E Rin lhe parecera aterrorizada com o que ouvia. Por mais liberdade e aventura que desejasse vivenciar, ela ainda continuava sendo uma Griffin.

-#Pode ficar com raiva se desejar – ele sussurrou em um tom suave. - Mas não espere que eu peça desculpas por nada. Gastei muito tempo e energia me tornando o que sou. E não vou mudar por ninguém. - Não tinha intenção de admitir que recentemente a idéia de quem se tornara começava a perturbar seu sono.

-#Muito bem – Rin disse depois de um momento. - Apenas não me fale mais sobre regras.

Ora, ela ainda estava falando com ele e nem havia se retirado, ofendida. Rin Griffin era uma mulher notável.

-#Sem promessas. E diga a Melbourne o que desejar – Deverill murmurava, servindo-se de um biscoito numa travessa que havia sobre a mesa de doces e refrescos. - Eu mesmo não contei nada ainda ao duque por causa de Naraku. Eu já tinha avisado ao patife o que poderia acontecer a ele se ornasse a se aproximar de você. Acontece que ele não acreditou em minha palavra.

Rin dirigiu um olhar preocupado a Sesshoumaru.

-#Não vai matá-lo, não é?

-#Ainda não sei oque farei. Mas não deveria se preocupar com esse cretino. E falo sério.

Ela abaixou os olhos, agora cheios de lágrimas. Sesshoumaru ofereceu um lenço, e ela fingiu que estava tirando um cisco da vista.

-#Cometeu um erro confiando em Naraku, mas não se sinta culpada. - Ele sorriu. - E, acredite em mim, sei como é estar em situação complicada. - Então se dispôs a afastar-se, mas voltou a ela com um olhar indagador. - Se houver mais alguma coisa em que eu possa ajudá-la...

-#Oh, deixe-me ver. Já faz meus inimigo desaparecerem, livra-me das ameaças deles, ajuda-me a ter liberdade, esconde o meu mau comportamento de meus irmãos....... Não, penso que não há nada mais no momento.

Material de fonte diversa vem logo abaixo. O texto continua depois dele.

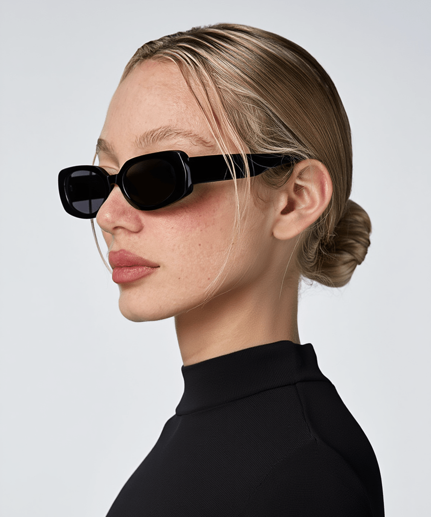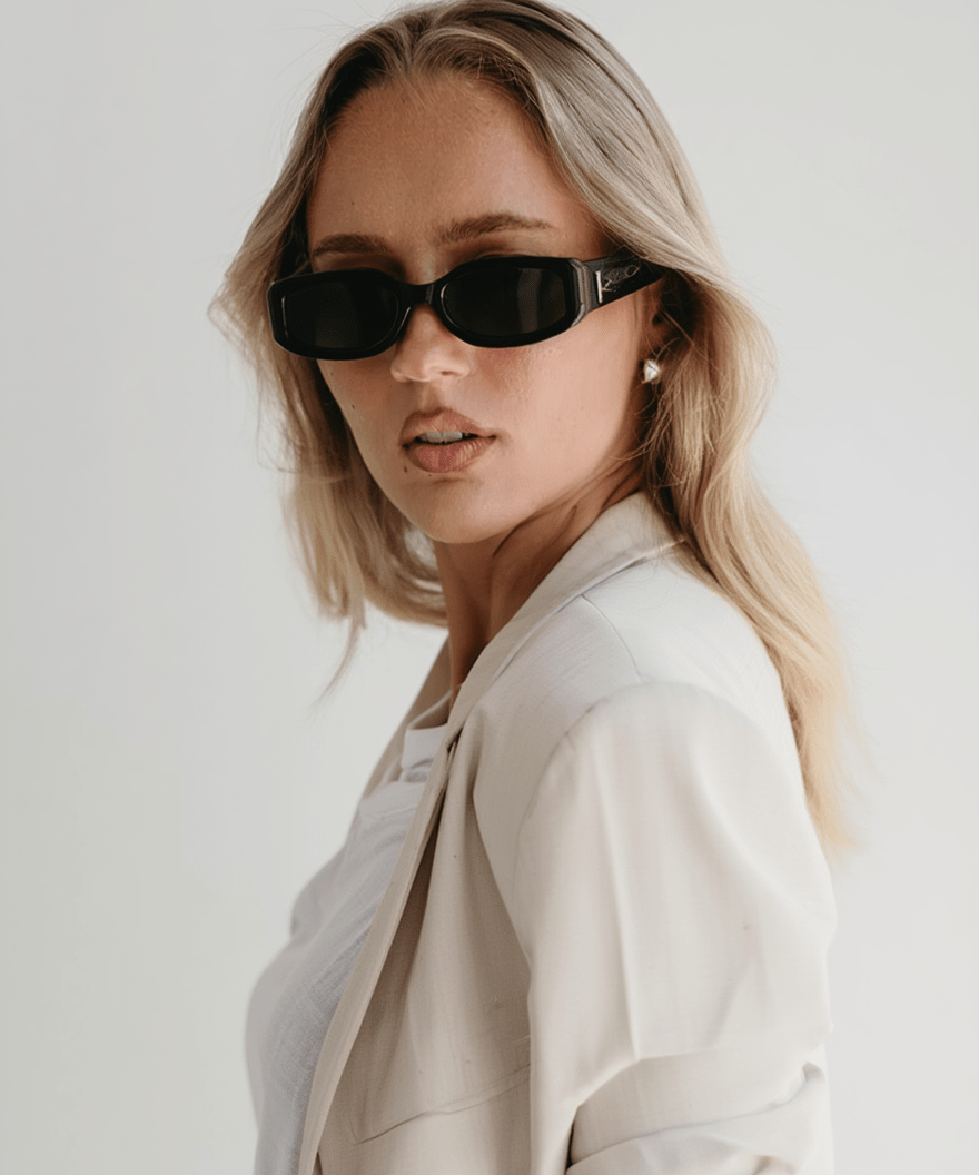 Women’s Slim Rectangular 90s Sunglasses – Black Frame with Smoke Grey Lenses

Sesshoumaru riu abertamente. Deus, Rin era uma mulher especial. Já sabia que ela tinha um senso de humor aguçado mas nunca prestara muita atenção a seus outros atributos.

-#Então nos veremos mais tarde.

Já estava se afastando, quando Rin o puxou pela manga do casaco.

-#Oh, eu havia me esquecido. Há mais uma coisa.

-#Do que se trata?

-#Há um espaço vazio em meu cartão de dança. Será que você....

Sesshoumaru pegou o cartão e escreveu o seu nome no lugar apropriado.

-#Tem certeza de que quer valsar comigo?

-#Oh, sim – ela murmurou, ruborizando. - Tenho certeza.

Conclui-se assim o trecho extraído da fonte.